Delta Lake supports three categories of parameters, each with a different configuration scope and prefix.
| Category | How to set | Prefix |
|---|
| Spark SQL parameters | Used to execute SQL statements | spark.sql. |
| Runtime parameters | Set dynamically per session | spark.databricks.delta. |
| Non-runtime parameters | Set as global defaults in the Spark configuration file, or per-table in TBLPROPERTIES | Global: spark.databricks.delta.properties.defaults. Table: delta. |
For non-runtime parameters, table properties take precedence over global parameters. To set a table property, use the TBLPROPERTIES clause in a CREATE TABLE statement.
-- Set a global default
SET spark.databricks.delta.properties.defaults.deletedFileRetentionDuration = interval 2 weeks;
-- Set a table property (applies to this table only)
CREATE TABLE my_table (id INT, data STRING)
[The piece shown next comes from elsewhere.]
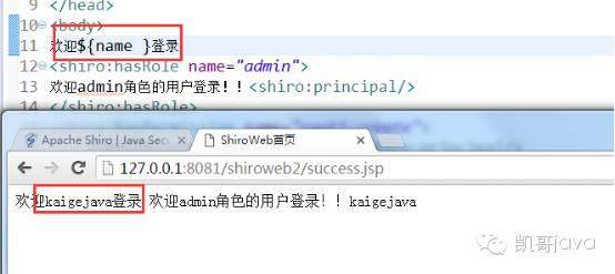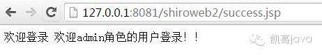 当用户有admin角色的时候在success.jsp页面显示【欢迎admin角色的用户登录!!】如果用户不是admin角色的时候显示【欢迎登陆】

TBLPROPERTIES ('delta.deletedFileRetentionDuration' = 'interval 2 weeks');
Parameter reference
The following tables describe the available parameters grouped by function.
Data retention
| Parameter | Data type | Default | Description |
|---|
spark.databricks.delta.properties.defaults.deletedFileRetentionDuration or delta.deletedFileRetentionDuration | CalendarInterval | interval 1 week | How long Delta Lake retains tombstones (markers for deleted files) before physically removing them. If retentionDurationCheck.enabled is true, an exception is thrown when you run VACUUM against tombstones still within this period. The retention period must be at least 1 hour. |
spark.databricks.delta.properties.defaults.logRetentionDuration or delta.logRetentionDuration | CalendarInterval | interval 30 days | How long Delta log files remain valid. A log file expires when its corresponding data file is compacted, or when this duration elapses. Delta checks for and deletes expired log files each time it generates a checkpoint, preventing unbounded log growth. |
spark.databricks.delta.retentionDurationCheck.enabled | Boolean | true | Whether Delta enforces the retention period check when deleting tombstones. Set to false only to remove recently merged small files, but we recommend that you use the default value. Otherwise, data generated recently may be deleted, which causes data read/write failures. |
Schema evolution
| Parameter | Data type | Default | Description |
|---|
spark.databricks.delta.schema.autoMerge.enabled | Boolean | false | Whether Delta automatically merges the schema of incoming data with the destination table schema on write. We recommend that you do not set this parameter to true. Instead, pass the mergeSchema option explicitly when writing data to control schema evolution per write operation. |
Performance tuning
| Parameter | Data type | Default | Description |
|---|
spark.databricks.delta.snapshotPartitions | Int | 10 | Number of partitions used when reading Delta log metadata. Increase this value for large Delta logs to improve parsing performance; decrease it for small Delta logs. This parameter has a significant effect on Delta table parsing speed. |
spark.sql.sources.parallelPartitionDiscovery.parallelism | Int | 1000 | Number of parallel tasks Delta uses to scan files. This parameter applies only to the VACUUM command. Decrease it if the number of files is small to avoid unnecessary overhead. This is a Spark SQL parameter. |